Company Overview
Shriners Children’s is an organization that respects, supports, and values each other. Named as the 2025 best mid-sized employer by Forbes, we are engaged in providing excellence in patient care, embracing multi-disciplinary education, and research with global impact. We foster a learning environment that values evidenced based practice, experience, innovation, and critical thinking. Our compassion, integrity, accountability, and resilience define us as leaders in pediatric specialty care for our children and their families.

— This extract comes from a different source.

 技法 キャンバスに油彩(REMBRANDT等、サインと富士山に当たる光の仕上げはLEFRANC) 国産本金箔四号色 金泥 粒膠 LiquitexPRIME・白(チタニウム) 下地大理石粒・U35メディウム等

With 20+ hospitals, outpatient clinics, ambulatory care centers and outreach locations across the globe, we provide excellent care to children up to age 18 regardless of their family’s ability to pay or insurance status. Please click here to learn more about our locations.
Job Description
The Patient Access Insurance Coordinator delivers support that is consistent with the strategic vision, goals, philosophy and direction of Shriners Hospitals for Children.

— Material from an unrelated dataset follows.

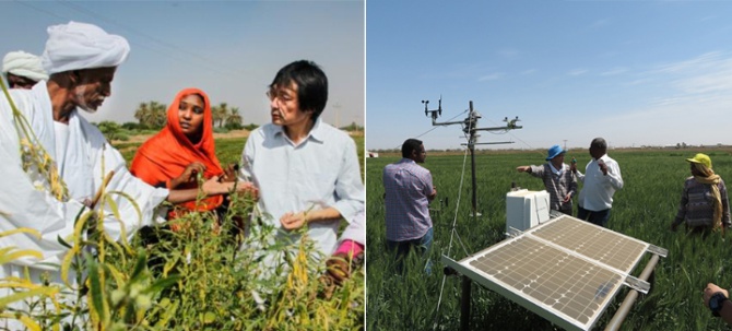 (Left) Harvesting peanuts that have been grown via an irrigation project in the semi-arid River Nile state. (Right) Weather observation equipment has been installed to predict the effects of climate change on wheat cultivation.

The Coordinator is responsible for determining the status of a patient’s insurance eligibility/coverage by contacting the appropriate insurance or third party payor in accordance with Shriners Hospitals for Children policies and procedures, for assigned facilities. The Coordinator may also be called upon to assist assigned facilities with resolving their patient access edits in the bill scrubber. The Insurance Coordinator will have a thorough knowledge and understanding of Commercial, Managed Care, Medicaid, Managed Medicaid and Medicare payor guidelines and eligibility criteria.
This is a remote position with an evening schedule of 2PM - 11PM Eastern Time Monday thru Friday.
Key Responsibilities:
Performs insurance verification functions for assigned SHC facilities.
Updates encounters in SHCIS with the appropriate eligibility and COB status.
Documents, in the health plan comment field on the encounter, all actions that have been taken on the account related to insurance verification.
Updates health plan as needed based on feedback from the insurance company.
Maintains a detailed level of knowledge of all payors’ authorization/referral guidelines and updates all appropriate fields in SHCIS to drive encounters to worklists
Maintains a daily productivity log.
Performs bill hold review for assigned facilities.
Reviews assigned bill hold worklists in the bill scrubber and updates the SHCIS encounter to resolve the bill hold and release the claim
Documents, in the health plan comment fields on the encounter, all actions that have been taken to resolve the bill hold
Documents, in the bill scrubber, the action that was taken to resolve the bill hold and assigns back to the CBO
Maintains a daily productivity log
Plans and organizes the work and activities of area of responsibility to ensure department and corporate goals are met
Makes recommendations to the Corporate Manager of Patient Access for quality and efficiency improvements.
Completes special projects as directed by the Corporate Manager of Patient Access.
Demonstrates a positive and professional image at all times when interacting with management, staff and others.
Assumes responsibility for professional growth and development.
Attends workshops and seminars, reads manuals and updates to maintain a high level of knowledge of all payor criteria
Maintains professional competency, according to department policies, procedures and protocols
Required Qualifications:
3 years of insurance verification and authorization experience
3 years of medical billing and utilization experience
Strong Epic registration and scheduling experience
Competency in MS Office
High School Diploma / GED
Preferred Qualifications:
3 years of experience working as an insurance verifier in an acute care hospital, physician practice setting or other healthcare setting
Children's hospital experience
The pay range for this position is $21.96 - $32.94. Compensation is determined based on years of relevant experience and departmental equity.